Она не могла бы сказать, да и не думала вовсе, что Махно ее изнасиловал – этого и близко не было, скорее, она побоялась отказать… но то, что случилось между ней и атаманом, не важно, по согласию или без, не означало, что воля Александры Владимирской окончательно сломлена.
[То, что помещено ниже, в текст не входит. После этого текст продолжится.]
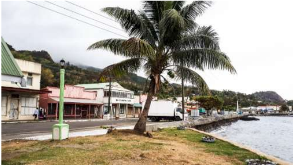
Figure 12: Levuka town, Ovalau Island.

for the residents on Ovalau Island includes work from by resorts on the nearby islands of Moturiki, Leleuvia, Moturiki and Wakaya. Levuka has a local town council and is also the location of the Lomaiviti Provincial Council.
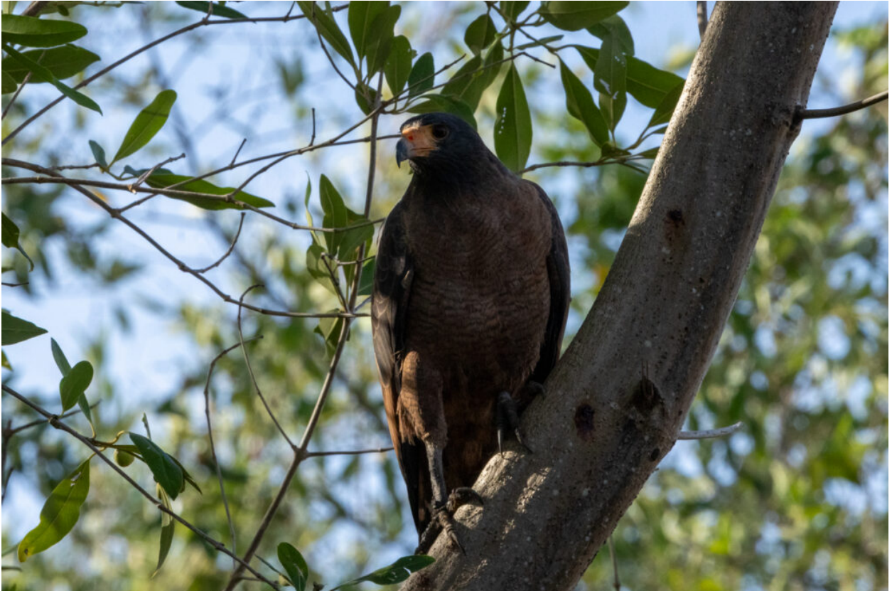
Rufous Crab Hawk
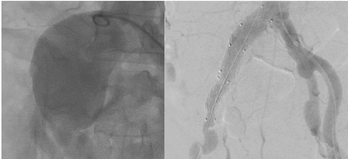
Figure 1. First Angiogram Showing a Large Common Iliac Aneurysm

studies which compared outcomes of open surgery and endovascular repair, Xiang et al. showed that both procedures were safe and effective to repair IIAs with similar postoperative mortality. Compared with open surgery, endovascular treatment can reduce the need for blood transfusion and hospital stay, but it was associated with a higher risk of postoperative ischemic complications [2,7].
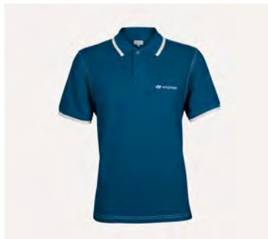
Polo shirt, men
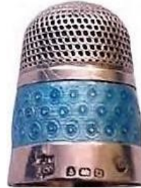
1919 size 6 WJM&Co
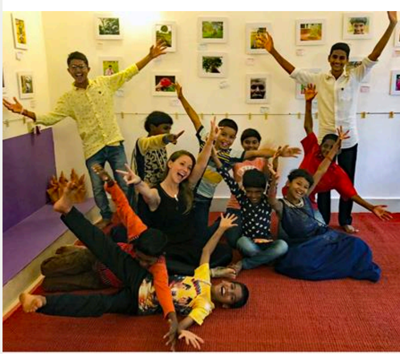
At the end of the photography classes, each child got to present his or her best photograph at an exhibit showcasing their talent!
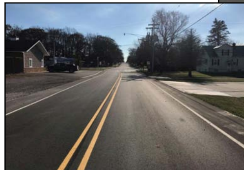
Scrap tires used in the pavement on North Fairgrounds Road (pictured at left) and Capac Road helps the environment and may save the city money over time.
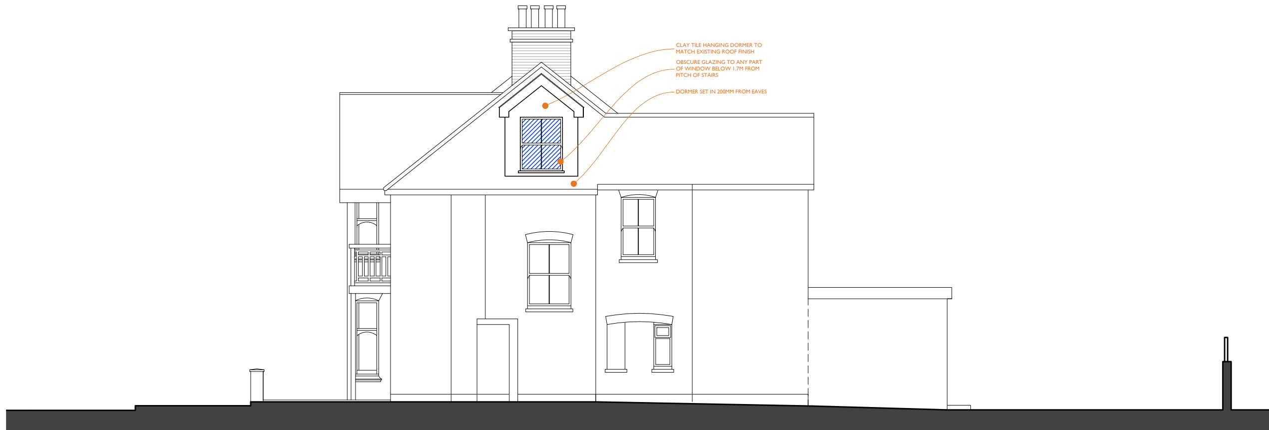
+EL Proposed north elevation - scale 1:100 at A3 Scale in Metres

Она не собиралась вести себя так, словно готова лечь с любым, у кого при виде нее закапала слюна; предстояло найти тонкую грань между жертвенной податливостью и опасным высокомерием… и удержаться на этом острие, пока Бог или судьба не пошлют возможность сбежать.

Щусь за спиной хмыкнул -видно, сразу не смог сообразить, что ответить «панночке» – а Саше только того и надо было: выиграть время.

Улица неожиданно закончилась, уперлась в площадь, где возвышался собор, а вокруг – каменные дома, в основном в два этажа, на вид довольно приличные, не разграбленные. Повсюду развевались знамена, черные, вперемешку с красными, сама площадь была запружена людьми, пешими и конными, и какими-то странными бричками – Саша таких никогда не видела. Ей даже показалось, что на них установлены артиллерийские орудия, но, должно быть, все-таки показалось…

Люди шумели, кони храпели, ржали, а порой начинала играть гармошка или трубить труба.

– Вот мы и на месте, Ляксандра Николаевна! – важно сообщил Федос. – Здесь у нас, подивись, и штаб – реввоенсовет, и волостной совет, и кульпросвет…

– Спасибо… – она хотела соскользнуть с седла, но он не пустил:

– Куды? Почекай, довезу тебя прямо до входу, а то ще затопчут – бачиш, митинг! Молодые анархысты к нам прибыли, вишь, сколько!

Нужный им дом тоже был двухэтажным, каменным, даже с палисадником, но одно окно внизу было выбито и заколочено наспех досками, а другие такие грязные, что рассмотреть сквозь них ничего было нельзя.

У входа, справа и слева от кривой вывески с надписью «Культпросвет революционной армии батьки Махно», висели два флага – чёрный и красный. На черном было написано: «Власть рождает паразитов. Да здравствует анархия!», а на красном – «Вся власть советам на местах!».

Федос вдруг молодецки присвистнул, вытянул руку с нагайкой, указал налево:

– О, глянь-ко, сам Нестор Иваныч выступает! Ну а чо ж, и правильно, нехай молодняк на батьку видразу и подивится, и послухает!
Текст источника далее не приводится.